Dyck: I saw some incredible heroics at the beginning of the pandemic as some manufacturers saw their demand skyrocket and some saw it fall away precipitously. So much of the supply chain disruption and the day-to-day tools manufacturers invested in on the supply chain side fell by the wayside when it came to the need to respond to something so extreme.
As manufacturers work on resiliency, it’s becoming clear that we need more systematic approaches for how we look at data. We need better analytics, and we need to be more collaborative in our approaches with suppliers. The reality is that the predominant form of communication with manufacturing suppliers during this disruption was still faxes, emails and phone calls. That’s not acceptable. Building infrastructure that allows suppliers and manufacturers to collaborate in real-time so we can apply more systematic analytics to the data is central to how we think about digital transformation, smart manufacturing and more productive US manufacturers.

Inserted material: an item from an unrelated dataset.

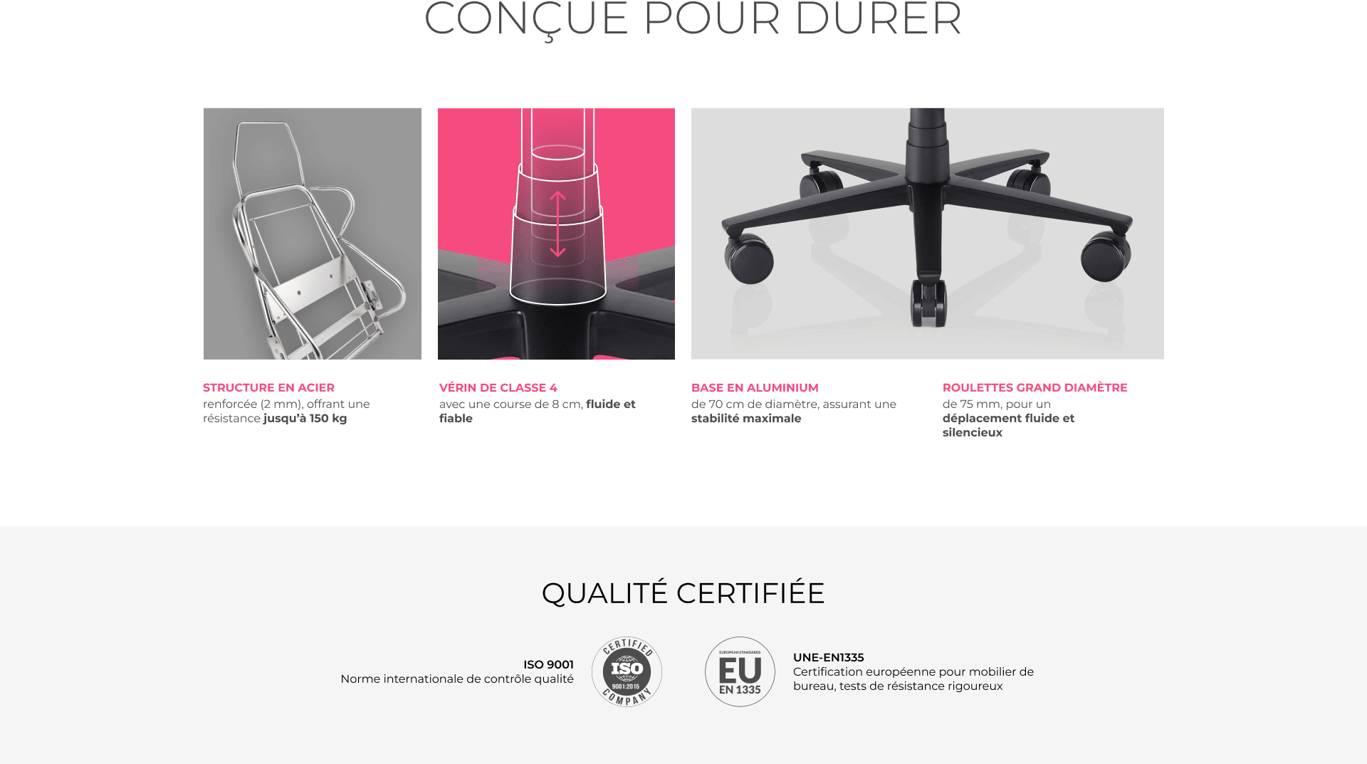 - Rembourrage : mousse moulée à froid - 60 kg/m3

I think we’re seeing the beginnings of the regionalization of supply chains. We’re seeing that as a response to what happened in the last three years; it’s the beginnings of “re-shoring.” But all of that requires a more productive manufacturing environment and not the reality that we’re less productive today than we’ve ever been. These are vital areas that we have to focus on as a nation and solve together.
How have you seen analytics help organizations improve their productivity?
Dyck: When we move toward the digitization of data, real-time data on the shop floor, there’s been an almost universal and significant uptick in productivity. When the systems are first turned on, people don’t believe the data that’s been collected. Lean manufacturing systems are often paper-based. They’ve indicated a level of productivity, but when you get the digitized data, the actual productivity is often 20% to 25% lower than what they assumed when they were looking at the data manually.
And so the idea of digitization – removing human bias, removing the basic mistakes that happen when you’re aggregating and collecting data from multiple data sources on the shop floor in a digital way – represents a huge productivity curve. That simple act of digitization reveals productivity opportunities to the tune of about 25%.
Where do we go from here?
Dyck: The next step in smart manufacturing is the digitization of quality, productivity, maintenance activities, workflows and business processes by creating a mindset of smart manufacturing. In that culture, we demand data. We demand analytics. We demand objective realities, not subjective, and data-based instead of gut-feel decision making.
We must help all manufacturers create an ecosystem that includes technology providers, machine builders, implementers and systems integrators. We must help them move toward the smart manufacturing mindset.